During 2001, 2000 and 1999, our operations were confined to the domestic United States.
We were incorporated in California in 1957 under our former name, Pacific Gas Transmission Company. We are an indirect wholly-owned subsidiary of PG&E National Energy Group, Inc., or PG&E NEG, and are affiliated with, but are not the same company as, Pacific Gas and Electric Company, which we refer to as the Utility. The Utility is a gas and electric company regulated by the California Public Utilities Commission (CPUC) that serves Northern and Central California.
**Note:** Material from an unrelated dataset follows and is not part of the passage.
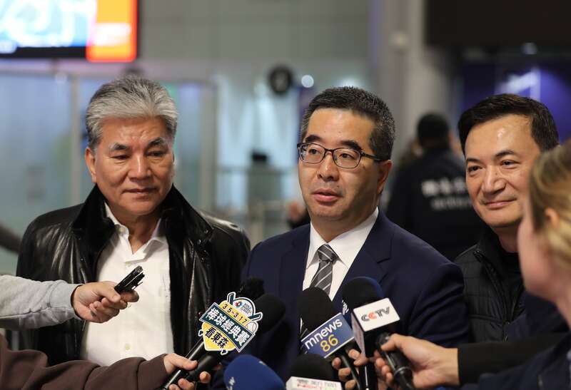 2月2日,中国国民党副主席萧旭岑率团起程赶赴大陆,投入行将在北京举行的“国共两党智库论坛”。图为萧旭岑(中)启航前在桃园机场会见媒体。视觉中国供图

PG&E Corporation, or PG&E, is the corporate parent for both PG&E NEG and the Utility.
PG&E Gas Transmission, Northwest Corporation, or GTN, and its wholly-owned subsidiaries, which include Pacific Gas Transmission International, Inc., Pacific Gas Transmission Company, PG&E Gas Transmission Service Company LLC, or GTS, and a fifty percent interest in a joint venture known as Stanfield Hub Services, LLC, collectively are referred to herein as the “Company.”
PG&E and PG&E NEG have completed a corporate restructuring of our Company known as a “ringfencing” transaction. The ringfencing complied with credit rating agency criteria designed to further separate a subsidiary from its parent and affiliates, which enabled us to retain our own credit rating based on our own creditworthiness. The ringfencing involved creating a new limited liability company between PG&E and our company, called GTN Holdings LLC, which directly owns 100 percent of our stock. As part of the ringfencing, GTN Holdings LLC’s charter requires unanimous approval of its Board of Control, which must include at least one independent director, before it can: (a) consolidate or merge with any entity; (b) transfer substantially all of its assets to any entity; or (c) institute or consent to bankruptcy, insolvency or similar proceedings or actions. GTN Holdings LLC may not declare or pay dividends unless such dividends are unanimously approved by its Board of Control (including the independent director) and unless GTN Holdings LLC, on a consolidated basis with our Company, maintains a debt coverage ratio of not less than 2.25:1 and a leverage ratio of not greater than 0.70:1 after giving effect to the dividend, or an investment grade credit rating.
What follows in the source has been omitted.